How To Improve Post-Editing Capabilities of Large Language Models

How To Improve Post-Editing Capabilities of Large Language Models

In an April 11, 2024 paper, Dayeon Ki and Marine Carpuat from the University of Maryland demonstrated that guiding large language models (LLMs) with external feedback on quality improves their machine translation post-editing (MTPE) capabilities.

The authors acknowledged that previous studies explored the potential of applying LLMs in automatic post-editing machine translation (PEMT). However, their work differs in several ways. 

Firstly, they used external feedback to guide LLMs in refining translations, rather than relying on self-generated feedback within the model. Secondly, they provided the option for using post-editing outputs from any model, not limited to improving the LLM’s own translations. Thirdly, they worked with the open-source LLaMA-2 instead of the largest closed LLMs like GPT-3.5, GPT-4, or PaLM-2. 

Specifically, they experimented with the 7B and 13B variants, arguing that “it is […] worth exploring to what extent LLMs of more moderate size (e.g., 7B, 13B) can perform post-editing, as such models are less costly to train, run, and deploy in actual applications.” Additionally, they highlighted that working with open models facilitates the reproducibility of results and encourages others to build on this work.

Ki and Carpuat considered two strategies for guiding language models to edit MT error annotations: prompting and fine-tuning with instructions. 

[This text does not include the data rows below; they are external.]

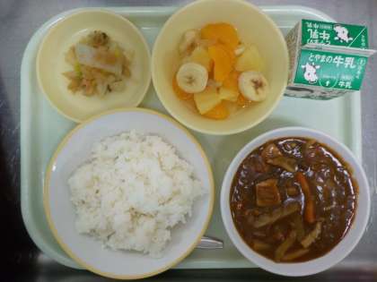 本日の献立は、ごはん、牛乳、たべキリンハヤシ、ふくじんあえ、フルーツミックス です。
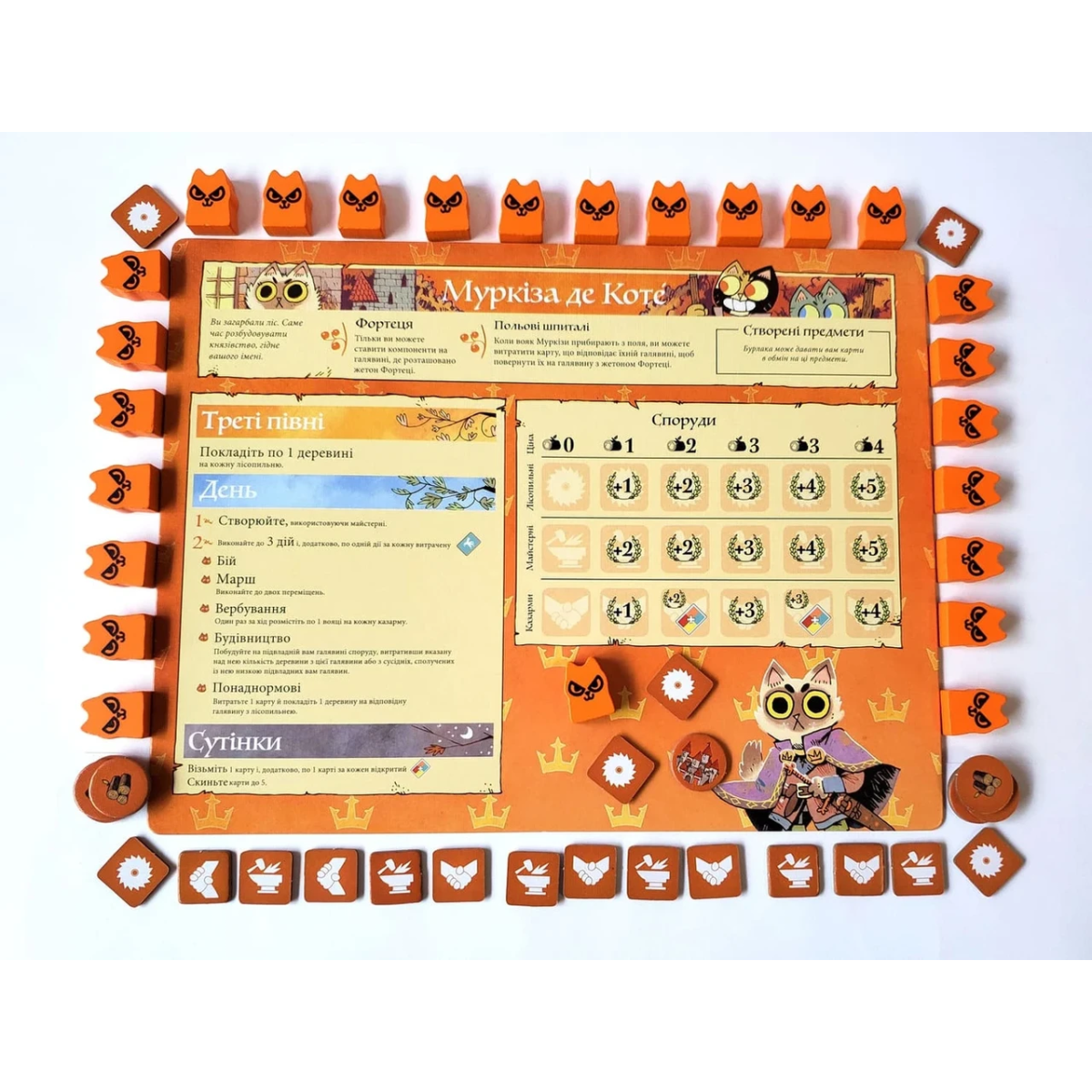 – Муркіза де Коте намагається збільшити свій вплив в лісі споруджуючи казарми, майстерні та пилорами. За це вона отримує переможні бали. Її війська присутні майже на всіх лісових галявинах, а упродовж фази дня Муркіза виконує до трьох дій.
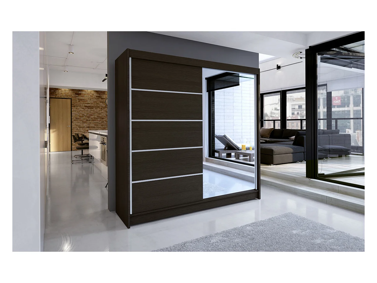 Slaapkamerkast 2 schuifdeuren 1 donker hout en 1 spiegel Limka 150 cm
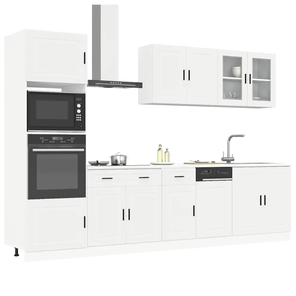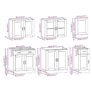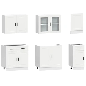 This 7-piece kitchen cabinet set, with its elegant design, optimises your kitchen space and provides ample storage space for your personal belongings! Stable and durable material: Engineered wood is a durable and stable material with a smooth surface that is resistant to moisture, warping, and splitting, making it a reliable choice for a variety of projects.Ample storage space: The kitchen cabinet set has many compartments, and offers sufficient space to store bowls, plates, pots, and other kitchen appliances.Adjustable feet: The bottom cabinets feature adjustable feet that can be adjusted in height to suit your kitchen layout.Easy to maintain: Thanks to its smooth surface, these kitchen cabinets are easy to clean with a damp cloth and require less maintenance. Warning:To prevent it from tipping over, this product must be used with the provided wall attachment device. Good to know:Screw(s) and plug(s) for inside the wall are not included. Seek and use screw(s) and plug(s) suitable for your walls. If you are uncertain, seek professional advice. Read and follow each step of the instruction carefully.The worktop, sink and faucet are not included in the delivery.

First, they prompted LLaMA-2 using different forms of feedback with different levels of granularity: 

  • generic feedback: This level of feedback does not provide specific details but prompts the model to improve the initial translation without any specific external guidance.
  • score-based feedback: In this category, a single scalar MQM score (from 0 to 100) is provided to the model, reflecting the overall quality of the initial translation. This score helps the model understand the quality of the translation and make improvements accordingly.
  • fine-grained feedback: This is the most detailed level of feedback, where specific error annotations are provided to the model. These annotations can include information about error spans, types of errors, and severity levels. Fine-grained feedback can be annotated either by humans or automatic annotation tools. 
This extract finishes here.